A unit of energy equal to one kW applied for one hour; running a one kW equipment for one hour would dissipate one kWh of electrical energy as heat. The kilowatt-hour (symbolized kWh) is a unit of energy equivalent to one kilowatt (1 kW) of power expended for one hour (1 h) of time. 1 kWh = One thousand watt hours.

### Kilowatt (kW)

One thousand watts of electricity.

### Megajoule (MJ)

One million Joules.

### Megawatt (MW)

One Million Watts; a modern coal plant will have a capacity of about 1,000 MW.

### Unit of electricity

1 unit of electricity = 1 kWh. The electricity used is generally charged for in “unit of electricity’. Kilowatt-hours is the product of watts x time (one kilowatt = 1000 watts). A two-kilowatt heater switched on for three hours will have used six kilowatt-hours of electricity.

### Volt (V)

The volt is the International System of Units (SI) measure of electric potential or electromotive force. A potential of one volt appears across a resistance of one ohm when a current of one ampere flows through that resistance.

### Watt (Electric)

The electrical unit of power. The rate of energy transfer equivalent to 1 ampere of electric current flowing under a pressure of 1 volt at unity power factor.

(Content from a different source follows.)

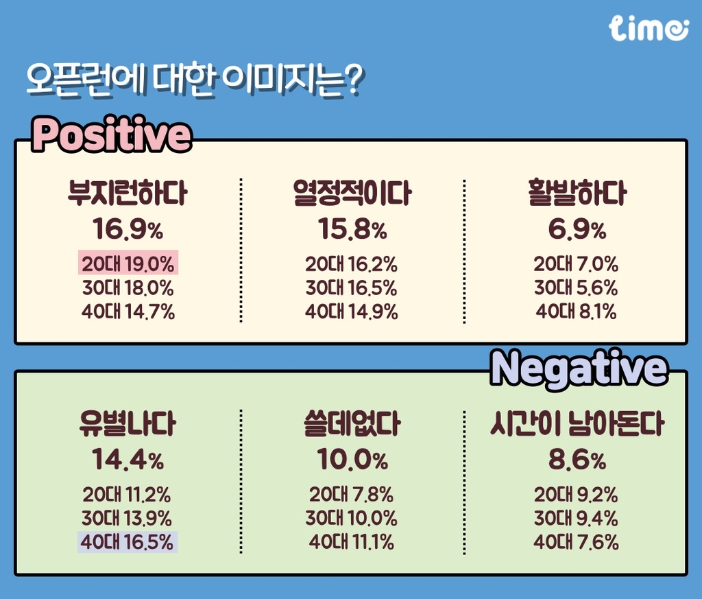 20·30 세대는 오픈런에 대해 '부지런하다', '열정적이다'처럼 긍정적으로 생각하는 경우가 많았지만, 오픈런을 해보지 않은 사람들은 유별나다(18.4%), 쓸데없다(13.8%) 등 부정적 이미지를 가지고 있기도 했다.

## Energy Unit Conversion Table

### Watt (Thermal)

A unit of power in the metric system, expressed in terms of energy per second, equal to the work done at a rate of 1 joule per second.

### Watthour (Wh)

The electrical energy unit of measure equal to 1 watt of power supplied to, or taken from, an electric circuit steadily for 1 hour.

## Energy Unit Crossword Clue

Hope, you have grasped the concept in a vivid manner.